When you reach the line containing "through every corner." in the data below, begin returning lines exactly as written, and stop once the line containing "6.3. расположение мест, специально" has been returned.
#### Data for this task
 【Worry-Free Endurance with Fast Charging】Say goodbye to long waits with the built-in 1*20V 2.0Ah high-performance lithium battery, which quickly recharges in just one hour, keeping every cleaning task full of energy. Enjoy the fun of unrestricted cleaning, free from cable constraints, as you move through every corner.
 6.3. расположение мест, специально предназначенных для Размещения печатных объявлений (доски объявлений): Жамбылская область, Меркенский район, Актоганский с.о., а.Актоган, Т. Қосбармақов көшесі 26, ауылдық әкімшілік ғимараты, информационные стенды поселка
########
#### Data for this task
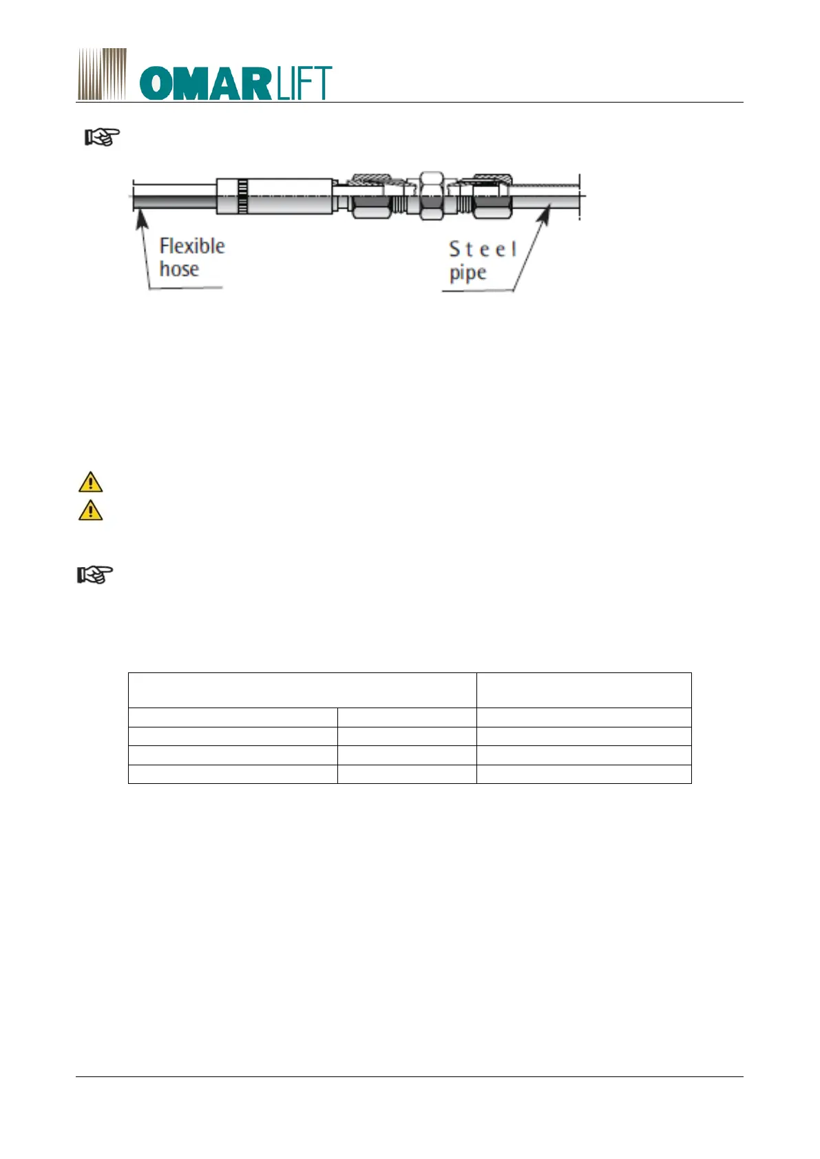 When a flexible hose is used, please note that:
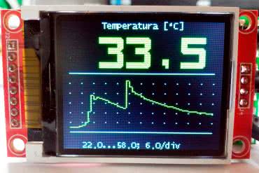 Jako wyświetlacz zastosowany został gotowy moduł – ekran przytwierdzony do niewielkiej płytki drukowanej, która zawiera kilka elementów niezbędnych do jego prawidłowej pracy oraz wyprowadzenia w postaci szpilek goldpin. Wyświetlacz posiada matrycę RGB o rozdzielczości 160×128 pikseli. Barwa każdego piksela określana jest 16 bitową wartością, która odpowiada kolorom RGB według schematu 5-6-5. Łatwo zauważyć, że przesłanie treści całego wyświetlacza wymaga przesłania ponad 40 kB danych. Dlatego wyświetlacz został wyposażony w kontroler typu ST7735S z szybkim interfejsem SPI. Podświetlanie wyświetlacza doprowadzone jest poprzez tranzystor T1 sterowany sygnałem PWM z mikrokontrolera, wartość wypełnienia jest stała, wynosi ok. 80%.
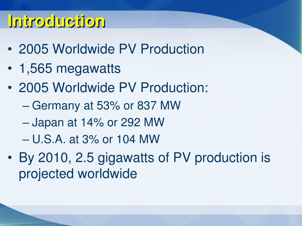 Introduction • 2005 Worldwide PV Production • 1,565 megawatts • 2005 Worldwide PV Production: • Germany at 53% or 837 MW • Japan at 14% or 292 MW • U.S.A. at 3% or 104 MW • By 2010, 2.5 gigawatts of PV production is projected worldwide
########
● **Output of the exercise**
 【Worry-Free Endurance with Fast Charging】Say goodbye to long waits with the built-in 1*20V 2.0Ah high-performance lithium battery, which quickly recharges in just one hour, keeping every cleaning task full of energy. Enjoy the fun of unrestricted cleaning, free from cable constraints, as you move through every corner.
 6.3. расположение мест, специально предназначенных для Размещения печатных объявлений (доски объявлений): Жамбылская область, Меркенский район, Актоганский с.о., а.Актоган, Т. Қосбармақов көшесі 26, ауылдық әкімшілік ғимараты, информационные стенды поселка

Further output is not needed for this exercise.